In probably the biggest art heist in history, thieves broke into a museum on Germany in early morning hours and stole three 'priceless' sets of 18th-century jewellery valued at 1 billion euros ($1.1 billion), a media report said on Monday.
Two thieves switched off power supply at 5 a.m. before breaking through a window into the Green Vault museum in Dresden, eastern Germany, which in the past boasted that it was "as secure as Fort Knox", a Daily Mail Online report said.
They smashed open the cabinet in which the three jewellery ensembles were stored, officials said. These were commissioned by Saxony's former ruler Augustus the Strong in an 18th century show of power.
Museum experts said the items are "priceless" and can never be sold. German newspaper Bild was quoted that treasures of up to a billion euros may have been stolen, which will make it the biggest art heist in history.
The thieves were caught on CCTV cameras inside the museum and have so far eluded arrest. There have been a series of other famous thefts, including the theft of Mona Lisa painting in Paris which is vauled at $700 million in today's price.

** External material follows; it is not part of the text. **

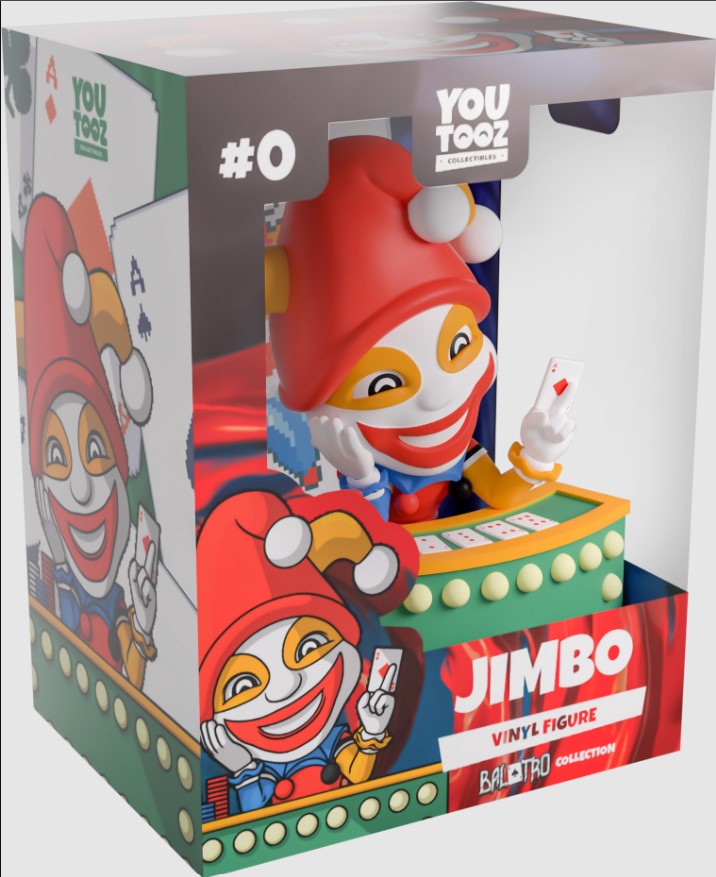 準備好開玩了嗎?你的運氣如何? !吉姆博(Jimbo)來到Youtooz,看看你能不能用他的首次亮相刷新你的最高分!他身高4.7吋(約11.9公分),坐在綠黃相間的撲克桌後,桌子前方透著柔和的燈光。他戴著手套的右手托著頭,白色的臉上塗著紅色和橘色的妝容,與頭上那頂三叉戟小丑帽的顏色相呼應。他左手手指間夾著一張方塊A,身穿一件紅藍橙三色相間的襯衫,領口飾有荷葉邊,邊緣垂著絨球,下身穿著五彩繽紛的褲子,旁邊放著三疊籌碼。包裝盒外側印著一副由A和一張小丑牌組成的撲克牌圖案,中間是一張小丑牌,而包裝盒內側則散落著撲克牌,背景是漩渦狀的藍色背景。背景隨後變為鮮豔的紅色,覆蓋在保護套上,透過包裝盒正面的大透明窗口可以看到吉姆博的身影。這款收藏品採用霧面壓紋保護外包裝和客製尺寸的塑膠保護套,以在運輸過程中提供最大程度的保護。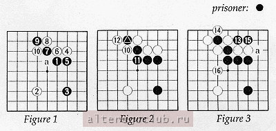Игра го. го в японии.В 12 веке класс воинов вытеснил аристократию, как эффективных правителей Японии, и до 17 века страна оказалась вовлечённой в практически непрерывную войну. В это время го было сильно связано с главными военачальниками, некоторые из которых верили, что изучение тактики и стратегии игры будет хорошим моральным и интеллектуальным тренингом для управления армией на поле битвы. Три великих полководца конца 16 и начала 17 веков – Ода Нобунага (Oda Nobunaga), Тоётоми Хидеёси (Toyotomi Hideyoshi) и Токугава Иеясу (Tokugawa Ieyasu) увлекались игрой го и содержали учителей для себя и своих офицеров. В 1588 году Тоётоми Хидэёси (Toyotomi Hideyoshi), наследник Нобунаги, организовал большой турнир, с целью систематизировать уровень игры сильнейших игроков. Это соревнование выиграл Никкай (Nikkai), буддийский монах высокого ранга, который был учителем Набунаги. Хидэёси провозгласил, что теперь против Никкая можно играть либо чёрными, либо с форой. Никкай получил стипендию, с которой начался патронаж правительства над игрой, что привело к рассвету го в Японии. В начале 17 века были основаны четыре школы го. Самой значительной из них была школа Хонинбо (Honinbo) – её возглавил Никкай, принявший имя Хонинбо Санса (Honinbo Sansa). Эти школы состязались в поиске наиболее талантливых игроков и прилагали большие усилия по развитию теории и техники игры, с целью превзойти конкурентов. Приблизительно в это же время, в 1603 году, Токугава Иеясу объединил Японию в один Сёгунат Такугавы (Tokugawa Shogunate). Правительство выделило стипендии всем четырём школам го и основало офис Годокоро (Godokoro), во главе которого стал Хонинбо Санса. Он возглавлял его до своей смерти в 1623г. Под его руководством были организованы ежегодные дворцовые игры, проходившие в присутствии сёгуна. Годокоро был высшим должностным лицом в го периода Эдо (Edo-era). Он являлся официальным инструктором сёгуна. Годокоро управлял распределением дипломов. К тому же Годокоро проводил жеребьёвку ежегодных дворцовых игр и отвечал за все церемонии, связанные с го. Только сильнейший игрок мог стать Годокоро, что означало присвоение ему высшего звания Мэйдзин (Meijin – мастер своего дела). Рассказывают, что однажды, в 1578 году игра Никкая произвела на Нобунагу, такое впечатление, что он воскликнул – «Мэйдзин!». Видимо в этот момент и возник этот термин. Сейчас это имя носит один из трёх важнейших титулов профессионального го. Захват камней в партии гоСняв с доски камень противника, вы кладёте его отдельно. Обычно для этого используется крышечка чаши, в которой лежат ваши камни. По окончании партии вы выкладываете захваченные камни на территорию противника, уменьшая, таким образом, её размеры. Ниже приведён пример партии на доске 9х9. ![]() После хода ч.3 на F.1 белые вторглись в сферу влияния чёрных ходом 4. Белые наносят атари (угроза захвата) 10 на камень чёрных 7. Если чёрные не соединятся в «а», то белые сыграют в это место и захватят камень 7. Чёрные соединяются 11 на F.2, но белые наносят атари отмеченному камню чёрных ходом 12. Этот камень спасти нельзя, поэтому чёрные жертвуют его и наносят контратари б.13 (см. F.3). Белые захватывают камень ходом 14, снимают захваченный камень и кладут его в чашу для пленных. Теперь чёрные наносят атари двум белым камням ходом 15. Теперь эти камни можно захватить, играя в «а». ![]() Ходом 16 Белые защищают область на левой сторон

The masterpiece by Leonardo da Vinci was stolen from the Louvre in Paris in 1911, but was recovered and returned in 1914. Asked about the suggested value of a billion euros for the stolen jewellery, museum director Marion Ackermann told the media that the value could not be quantified.
"We're dealing with priceless artistic and cultural treasures. We cannot give a value because it is impossible to sell," he said. Another museum director Dirk Syndram said the sets represented 'a kind of world heritage', totalling about 100 jewellery items.
State police were investigating how the thieves got inside and stole the jewellery. Reports from Germany said that the thieves were 'noticeably small' and able to fit through a tiny space in a window. Police said they had neither identified the suspects not made any arrest.